СплитДерево
Разработчик(и) | Дэниел Хьюсон и Дэвид Брайант |
---|---|
Стабильная версия | 4.17.1
/ 2021 |
Предварительный выпуск | 5.3
/ 2021 |
Операционная система | Windows, Linux, Mac OS X |
Тип | Биоинформатика |
Лицензия | Собственный |
Веб-сайт | уни-тюбинген |
SplitsTree — популярная бесплатная программа для построения филогенетических деревьев , филогенетических сетей или, в более общем плане, графов разделения на основе различных типов данных, таких как выравнивание последовательностей , матрица расстояний или набор деревьев. [ 1 ] [ 2 ] SplitsTree реализует опубликованные методы, такие как разбиение на части , [ 3 ] соседняя сеть , консенсусные сети, [ 4 ] методы суперсетей или методы вычислений гибридизации или простых рекомбинационных сетей. Он использует формат файла NEXUS . Граф разбиений определяется с помощью специального блока данных (блок SPLITS).

См. также
[ редактировать ]Ссылки
[ редактировать ]- ^ Платье, А.; КТ Хубер ; В. Моултон (2001). «Метрические пространства в чистой и прикладной математике» (PDF) . Документа Математика : 121–139.

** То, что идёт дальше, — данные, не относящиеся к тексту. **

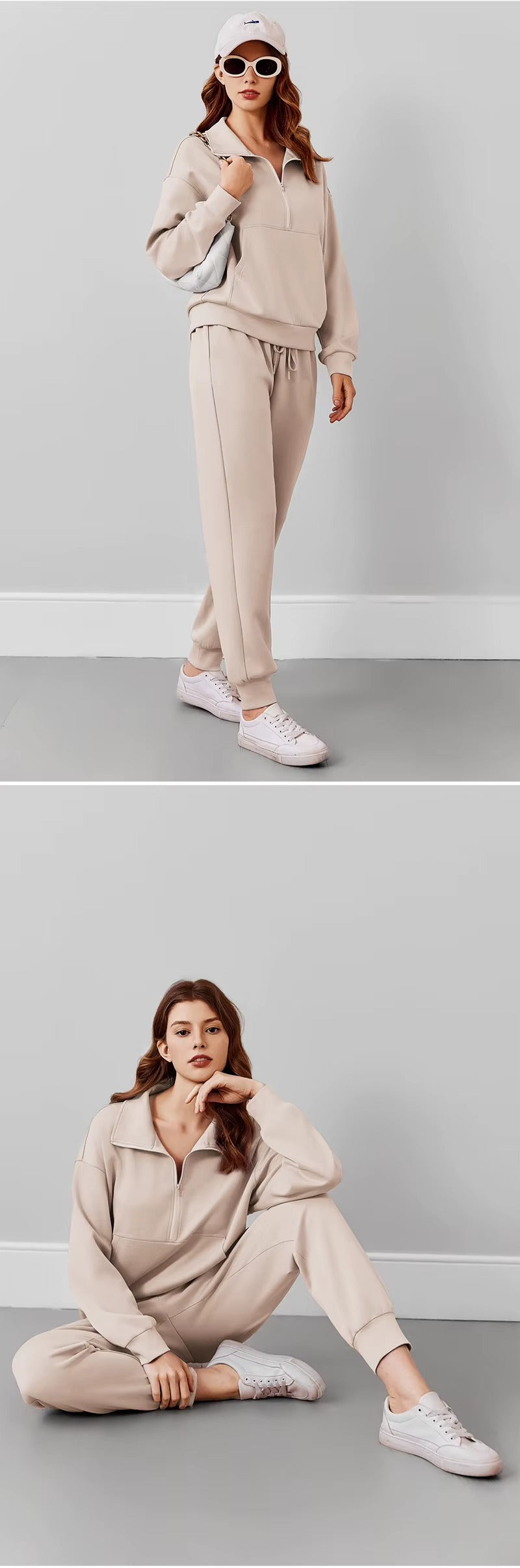 Sets for Women 2025 Fall Travel Outfits Long Sleeve Tracksuit Joggers Sets Half Zip Sweatsuit Matching Set
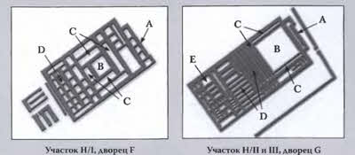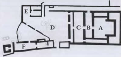 3. Район F, где находились дворец и гробница азиатского чиновника конца XII династии. Колоссальная сидячая заупокойная статуя была облачена в разноцветный плащ.
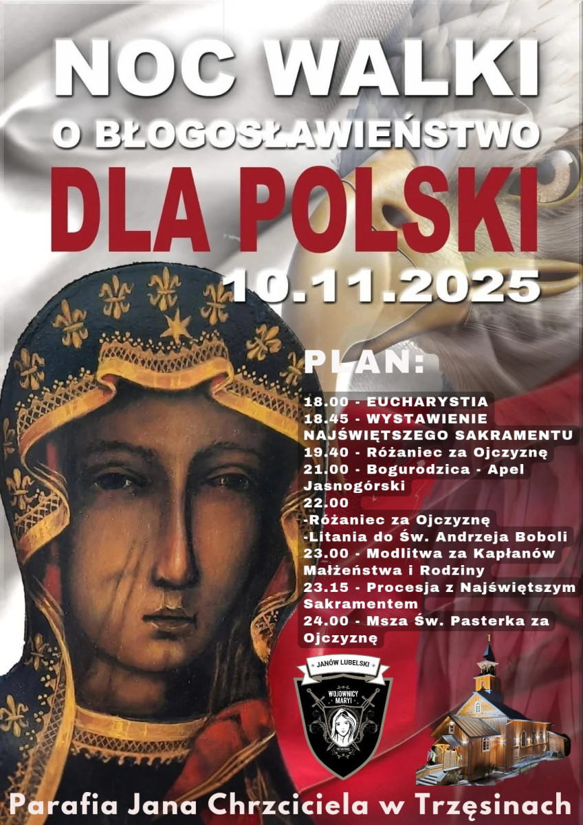 To ma być wyjątkowa noc – pełna ciszy, modlitwy i patriotycznych uniesień. W wigilię Święta Odzyskania Niepodległości w całej Polsce zabrzmi modlitwa o błogosławieństwo dla Ojczyzny. „Noc Walki o Błogosławieństwo dla Polski” zjednoczy wiernych w duchowej walce o wiarę, jedność i pokój.
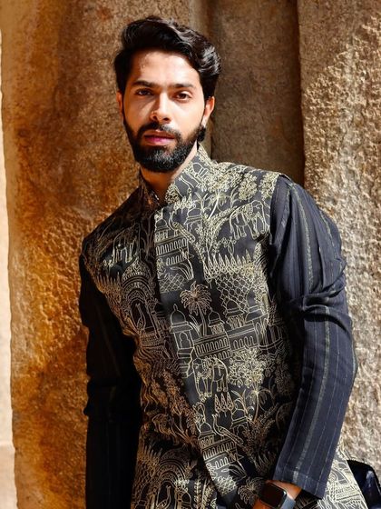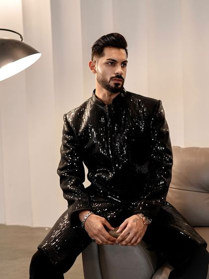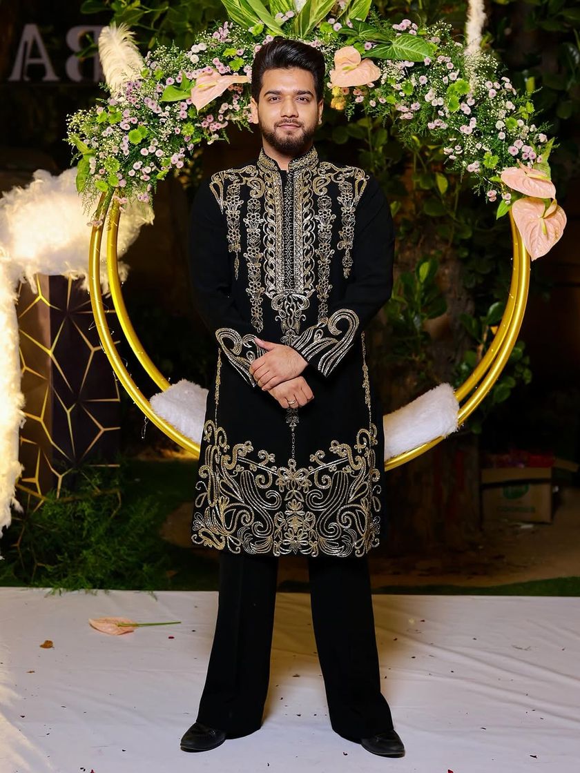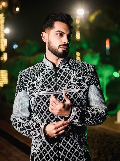 This collection is the cornerstone of our wedding and ceremonial wear. We create bespoke sherwanis and jackets featuring rich fabrics like velvet and silk, adorned with intricate hand-done Zari, threadwork, and metallic details for a truly majestic look.

- ^ Хьюсон, Д.Х.; Д. Брайант (2006). «Применение филогенетических сетей в эволюционных исследованиях» . Мол. Биол. Эвол . 23 (2): 254–267. дои : 10.1093/molbev/msj030 . ПМИД 16221896 .
- ^ Бандельт, HJ; Платье, AW (1992). «Сплит-декомпозиция: новый и полезный подход к филогенетическому анализу данных о расстоянии». Молекулярная филогенетика и эволюция . 1 (3): 242–252. дои : 10.1016/1055-7903(92)90021-8 . ISSN 1055-7903 . ПМИД 1342941 .
- ^ Холланд, Барбара; Моултон, Винсент (2003). Бенсон, Гэри; Пейдж, Родерик Д.М. (ред.). «Консенсусные сети: метод визуализации несовместимости в коллекциях деревьев». Алгоритмы в биоинформатике . Конспекты лекций по информатике. 2812 . Шпрингер Берлин Гейдельберг: 165–176. дои : 10.1007/978-3-540-39763-2_13 . ISBN 9783540397632 .
Внешние ссылки
[ редактировать ]- Домашняя страница SplitsTree (новый веб-сайт с информацией о SplitsTree)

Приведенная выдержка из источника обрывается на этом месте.